10 juillet 2012 10h03 · Paul Proulx
Fleury, Jean-Louis. Retraites à Bedford. Éd. Guy St-Jean, 2012, 286 p.
Le roman imagine la vieillesse des artistes vécue dans une luxueuse pension de Bedford appelée Aux talents d’Antan. Le propriétaire est une vedette bien connue du music-hall. Le lecteur y reconnaîtra Fernand Gignac dans le personnage de Ferdinand. Également sous des noms d’emprunt, on y rencontre Jean Lapointe, Jacques Godin, Paul Buissonneau. Albert Lesigne, le narrateur, appartient par ricochet au monde de la scène à cause des textes qu’il a écrits à ceux qui ont fait les beaux jours d’une époque pas si lointaine encore.
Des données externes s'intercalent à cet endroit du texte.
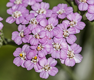 Achillea millefolium - Composita. Foglie fortemente frastagliate a pettine (millefolium), alterne. Fiore a ombrello, aromatico, bianco o rosato. Altezza tra 20 e 60 cm. Pianta medicinale, tonica, antispasmodica, vulneraria. Achille ne avrebbe scoperte le qualitą cicatrizzanti. (Rezzoaglio - Luglio). Come in altre Achillea i fiorellini centrali sono evidentemente tubulari, generando un aspetto bucherellato al centro del fiore. E' la pił comune delle Achillee, diffusa ovunque. |
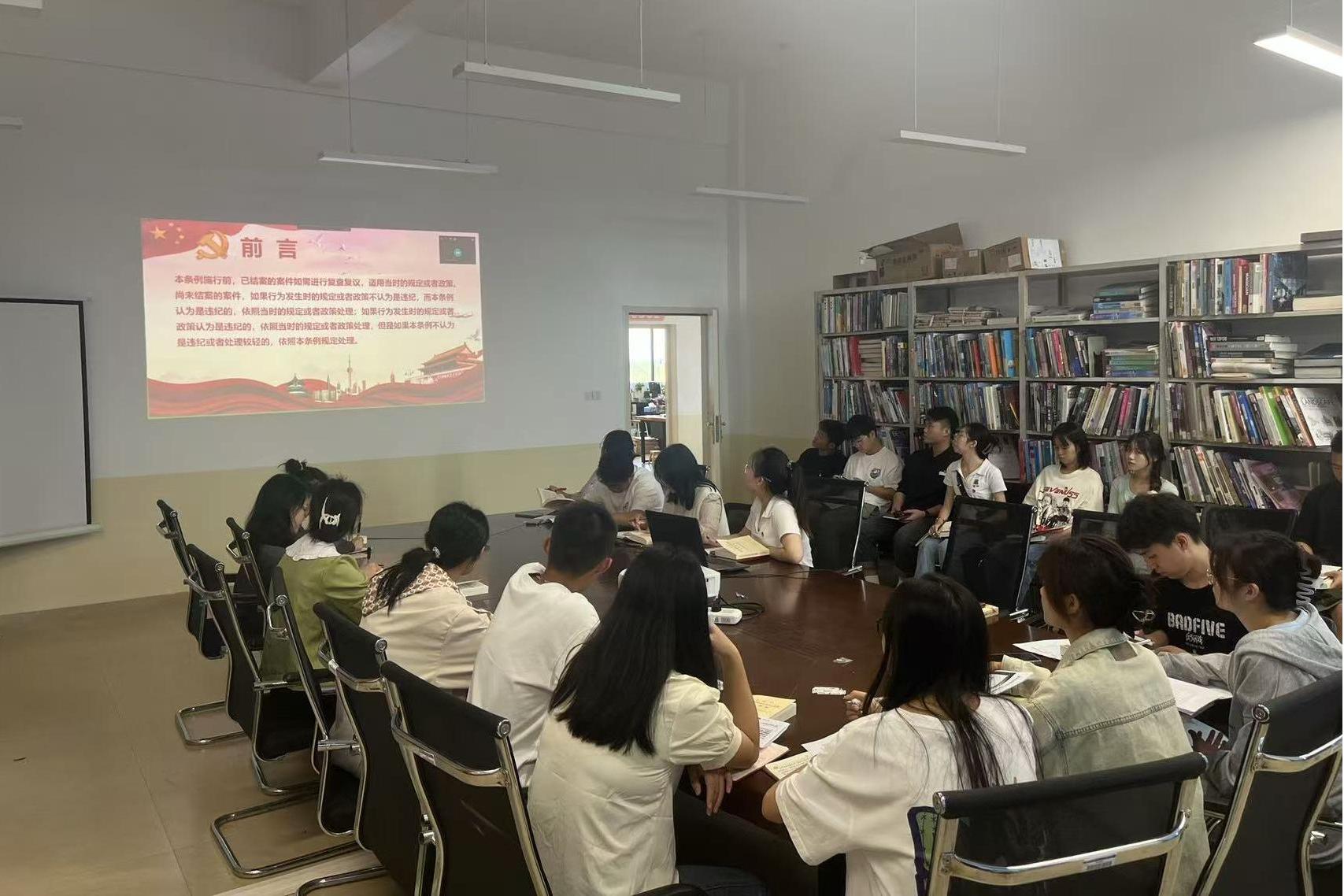 6月24日,创意设计学院第二学生党支部在德远楼E504教室召开学习党纪法规主题党课。本次党课由党支部书记刘思主持,支部全体党员参与,旨在深入学习《中国共产党纪律处分条例》,提升党员对党纪的深刻理解。

Tout baigne dans l’huile. Les retraités pataugent dans la piscine, prennent des marches sur le vaste terrain entourant cette résidence de luxe et chacun se retrouve au dîner, le repas du soir, autour d’une table généralement appétissante, préparée par une dame qui joue à la vedette. Il faut être dans le ton. On sert une nourriture des plus fraîche grâce au jardinier, un immigrant qui, en plus de faire jouir les palais avec ses produits, en profite pour enflammer la cuisinière, qui se consume dans la chaleur d’une alcôve débridée.
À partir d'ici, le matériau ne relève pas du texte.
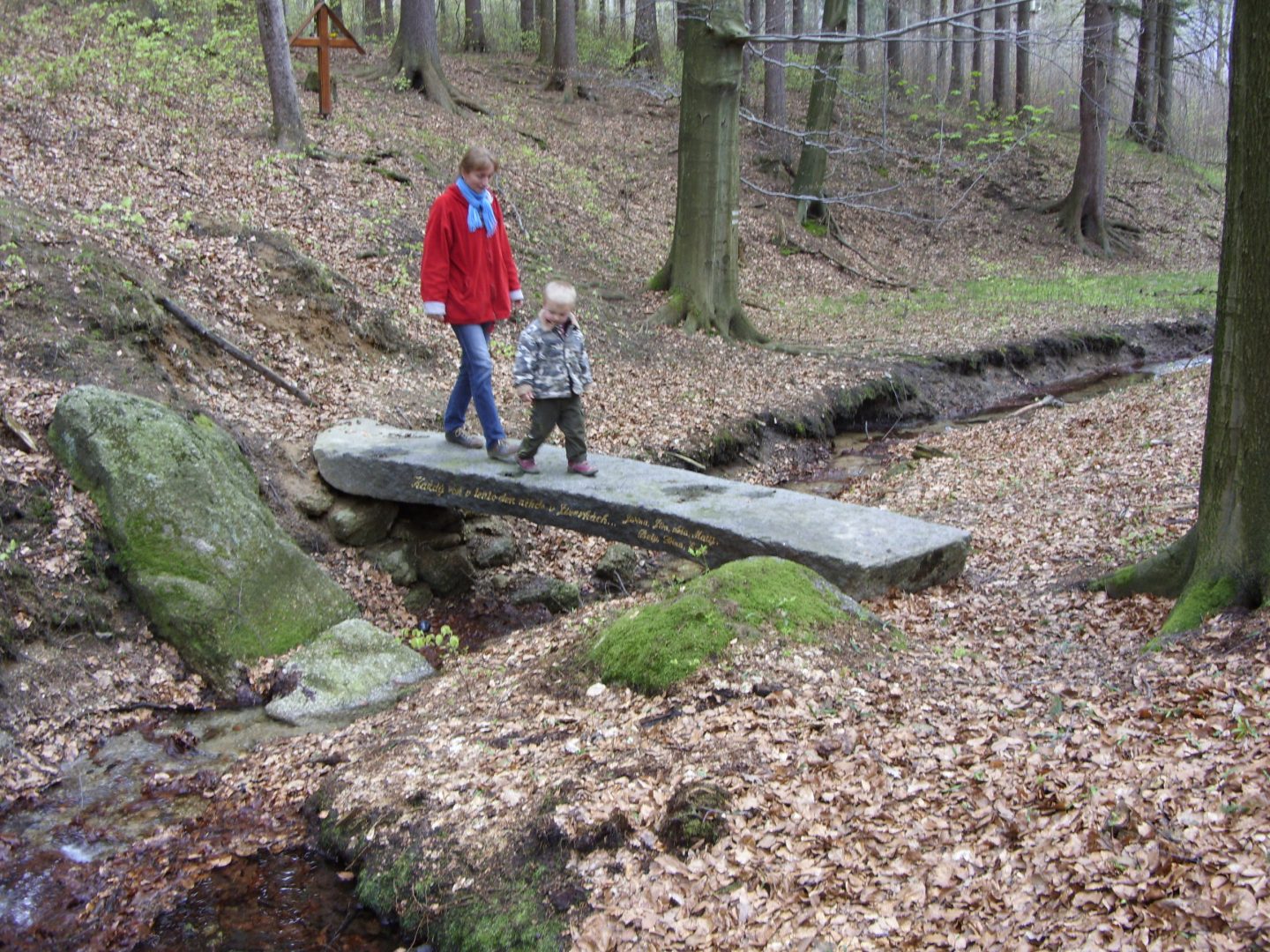 teče malý potok v malebném údolí bukového lesa, napadlo mě vytvořit most. Je to

Il fait bon vivre Aux talents d’antan. Mais quand le propriétaire meurt subitement, les pensionnaires doivent s’adapter à un nouveau régime de vie, d’autant plus que la cuisinière, qui gère dorénavant cet hospice, accueille un personnage issu du monde policier pour occuper la chambre vacante depuis la mort de Ferdinand. Il s’agit d’un oncle, un homme intrigant, mais désireux de s’adapter à ces joyeux lurons en perte d’humeur depuis son arrivée.
Heureusement, chacun peut fuir l’atmosphère tendue de la résidence en acceptant les invitations venues de parents ou d’amis. Le narrateur rend visite à la psychologue du pénitencier de Cowansville. À vélo, il se rend à Dunham, où Cathie habite avec son fils Laurent. Il n’est pas question d’amour, mais c’est stimulant de se ressourcer dans un monde distinct du sien.
L’auteur a planté son chevalet dans le décor enchanteur de la route 202, soit celle des vins et des vergers. À l’esquisse de la résidence de Bedford bornée par la rivière aux Brochets, il juxtapose un drame policier inspiré d’Henri Marchessault, le chef de l’escouade des stupéfiants au Service de police de la Communauté urbaine de Montréal, arrêté en 1983 pour avoir revendu à son profit les produits saisis par les argousins. Sous le nom d’Hervé Maréchal, il s’installe Aux talents d’antan avant de dégager le magot qui le fera vivre grassement jusqu’à la fin de ses jours. Jamais il n’aurait cru qu’à Bedford, les pensionnaires de l’hospice se seraient souvenus de lui. S’en souvenir au point de le donner en pâture aux brochets de la rivière.
Le second volet du roman se transforme alors en polar. On confie l’enquête à Aglaé Boisjoli, une psychologue devenue policière. L’assassin se doit de ne pas faire d’erreur s’il tient à sa peau. Grâce au journal que tenait Albert Lésigne, elle parvient à trouver des éléments l’orientant vers la piste du tueur. Et ce ne peut être autre qu’un pensionné de l’établissement où vivait Hervé Maréchal. Son flair ne la trompe pas. Il s’en suit un interminable interrogatoire pour confondre un accusé fort perspicace pour démolir les preuves glanées par Aglaé Boisjoli.
Le polar pêche contre les normes du genre. En fait, ce n’est ni un polar ni un roman sur les retraités. Les deux volets cheminent sans se souder l’un à l’autre. Certains seront ennuyés par la vie des has been, qui passent leurs soirées à jouer aux cartes; d’autres se languiront en lisant l’interminable interrogatoire menant aux aveux de l’accusé. Ceux qui aiment s’identifier à un personnage sympathique seront déçus par la fatuité du narrateur. Et plusieurs seront agacés par le béhaviorisme de l’auteur, qui tente de refiler ses inductions au lectorat. Ce dernier est apte à tirer ses propres conclusions.
Le ton et la plume incisive de Jean-Louis Fleury protègent le roman de l’échec de son projet d’écriture. Français d’origine, cet écrivain est fort bien intégré à notre culture. Amant du subjonctif imparfait, il a réussi tout de même à écrire une œuvre agréable à lire, mais trop longue.